One thing I've wondered. Is it possible to follow "everyone" on Twitter? If-not, what type of cap does Twitter enforce on the number of accounts you're allowed to follow? I realize it'd be difficult to know which new accounts to add as people join, but how far could you push a roll-your-own stream of the Twitter firehose?

freehunter · on May 27, 2014

Hypothetically: I'm sure you could do it algorithmically; if your program sees a retweet from someone who is not on your following list, you then follow them. You might miss a few, but you would get most everyone.

jonknee · on May 27, 2014

http://lmgtfy.com/?q=twitter+maximum+follow+limit&l=1

theg2 · on May 27, 2014

A release for journalists would be nice too...

NamTaf · on May 27, 2014

I can't wait to see someone legitimately design a better sewerage system by using twitter's geolocation.

nevinera · on May 27, 2014

Their geo-data is utter crap. The vast majority of it is based on 'profile location', which means that there are almost a million people tweeting from the exact center of Atlanta. It's a crowded spot, must be a Starbucks there or something.

Nicholas_C · on May 27, 2014

Just find those mass locations and remove them from the data set.

nevinera · on May 27, 2014

You end up with about 0.01% of tweets having locations after that. It's basically just iphone users.

izzydata · on May 27, 2014

It is all available to the public to begin with anyway. I don't see the dilemma here.

namenotrequired · on May 27, 2014

Not all tweets are public.

jonknee · on May 27, 2014

Surely they aren't coughing up private tweets?

namenotrequired · on May 27, 2014

That was my interpretation of "all", but reading back it seems there's another difference:

"Although a majority of tweets are public, if scientists want to freely search the lot, they do it through Twitter's application programming interface, which currently scours only 1 percent of the archive. But that is about to change: in February the company announced that it will make all its tweets, dating back to 2006, freely available to researchers."

marincounty · on May 27, 2014

I think all the data should be available.

unclesaamm · on May 27, 2014

Can anyone find a primary source?

mike415 · on May 27, 2014

There is a link to apply for a "Data Grant" here: https://engineering.twitter.com/research. Unfortunately, it looks like submissions are closed.

_RPM · on May 27, 2014

So much for the "protected" tweet illusion.

of · on May 27, 2014

Who cares?
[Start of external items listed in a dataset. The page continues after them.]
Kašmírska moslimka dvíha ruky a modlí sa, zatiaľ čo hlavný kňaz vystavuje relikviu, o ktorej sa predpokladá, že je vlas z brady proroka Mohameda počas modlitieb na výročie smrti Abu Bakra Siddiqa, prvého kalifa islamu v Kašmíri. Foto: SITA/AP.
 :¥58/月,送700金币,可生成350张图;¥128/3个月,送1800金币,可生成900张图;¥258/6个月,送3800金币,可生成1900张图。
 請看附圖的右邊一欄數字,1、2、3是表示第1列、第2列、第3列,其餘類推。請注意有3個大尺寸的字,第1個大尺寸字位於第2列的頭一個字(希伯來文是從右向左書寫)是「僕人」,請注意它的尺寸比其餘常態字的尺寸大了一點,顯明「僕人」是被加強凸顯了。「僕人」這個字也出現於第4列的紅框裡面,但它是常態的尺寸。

Isn't it already available?

callesgg · on May 27, 2014

Yes it is, however not in excel. (written so a non tech person could understand)

extesy · on May 27, 2014

Article date is Jun 1, 2014. Is the author from the future?
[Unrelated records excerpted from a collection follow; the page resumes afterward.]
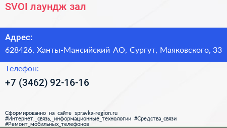 SVOI, лаундж-зал по адресу 628426, Ханты-Мансийский АО, Сургут, Маяковского, 33 в дальнейшем Организация, размещена в следующих категориях:
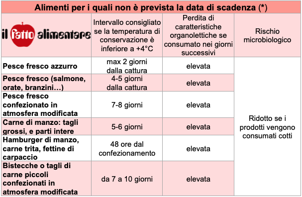Per carne e pesce freschi la legge non prevede la data di scadenza. Ci sono però catene di supermercati che vendono questi alimenti confezionati in vaschette di polistirolo con un’etichetta, dove è indicata sia la data di confezionamento, sia quella di scadenza. Stabilire regole rigide è difficile perché l’intervallo varia in funzione del tipo di pesce o di carne, della qualità microbiologica iniziale, del sistema di confezionamento e altri fattori. Per esempio nel settore ittico si passa da un intervallo massimo di due giorni dopo la cattura (pesce azzurro), fino a 4-5 per orate e branzini.
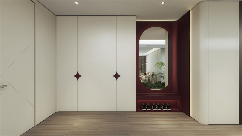 圆孤形(xing)的(de)(de)中(zhong)(zhong)转处(chu)治,可使门口(kou)玄关的(de)(de)地区在观感加上倍口(kou)齿(chi)清晰与联(lian)贯,比(bi)如非(fei)天然(ran)延长(zhang)时间出的(de)(de)一(yi)名文雅圆弧形(xing),驱动家(jia)庭(ting)保持顺畅踏(ta)进家(jia)庭(ting)中(zhong)(zhong)。左下角(jiao)抹(mo)去开(kai)园式(shi)常(chang)换鞋区,简练符合(he);圆弧接拼门型꧟配搭“白(bai)芷”、“红鸾”撞色装(zhuang)扮(ban),击碎传(chuan)统式(shi)色采交界,付与环境温润而艰深(shen)的(de)(de)观感条(tiao)理性。

flycaliguy · on May 27, 2014

There is no magic discovery about the nature of man hidden away in that data. Nothing you're average stand up comedian hasn't already written a bit about.

dirtyaura · on May 27, 2014

That was a good one.

On a more serious tone, there is one area of research that Twitter data is very valuable for: how information and disinformation is created and spread during major news events: wars, catastrophes, uprisings, school shootings etc.
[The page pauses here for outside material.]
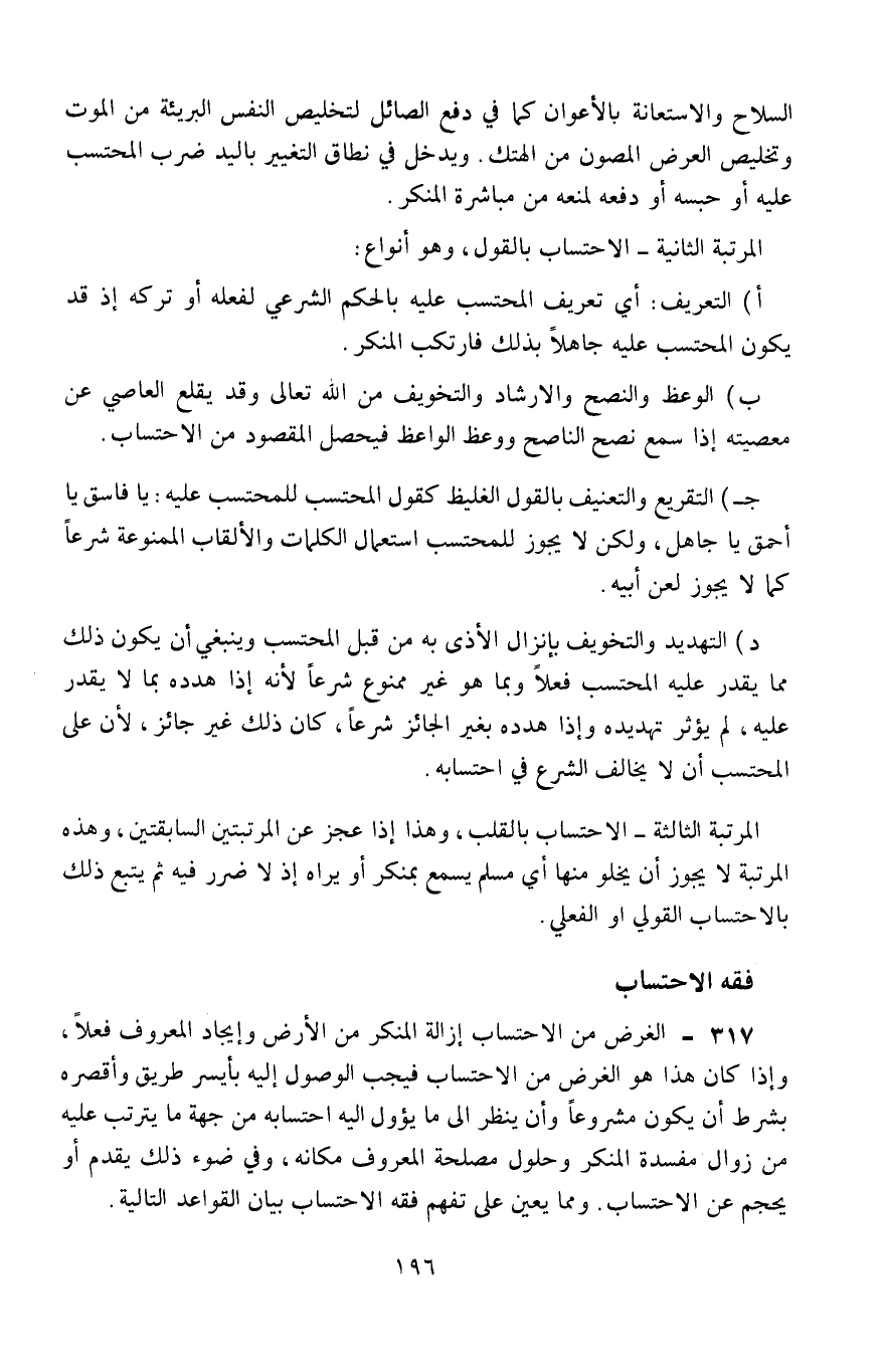 317- الغرض من الاحتساب إزالة المنكر من الأرض وإيجاد المعروف فعلًا، وإذا كان هذا الغرض من الاحتساب فيجب الوصول إليه بأيسر طرق وأقصره، بشرط أن يكون مشروعًا، وأن ينظر إلى ما يئول إليه احتسابه من جهة ما يترتَّب عليه من زوال مفسدة المنكر وحلول مصلحة المعروف مكانه، وفي ضوء ذلك يقدم أو يحجم عن الاحتساب، وما يعين على تفهم فقه الاحتساب بيان القواعد التالية:

My gut feeling is that today a lot of quality journalism happens outside of the traditional journalistic organisations. The downside is that also a lot of wild speculation and rumours are spread, but it would be valuable to see how good this modern "crowd" journalism is. A skilled research group can use Twitter data and Internet Archive to track down the original sources of information pretty well.

marincounty · on May 27, 2014

And momentum stock trades. I've always felt a adept programmer who knew how to data mine and worked for Twitter could make a fortune in the stock market?

coherentpony · on May 27, 2014

That's a little cynical. I like to think we can predict big historical social events (regime changes, major protests, climate change?) based on Twitter's data.

You never know unless you try.

TallGuyShort · on May 27, 2014

Are you familiar with Atrocity Watch? If not, you should look them up - that's exactly what they do.

coherentpony · on May 27, 2014

I am not. Checking them out now; looks pretty cool.

scalene · on May 27, 2014

Not to be skeptical, but I'm pretty sure one of these scientists may happen to work for the NSA.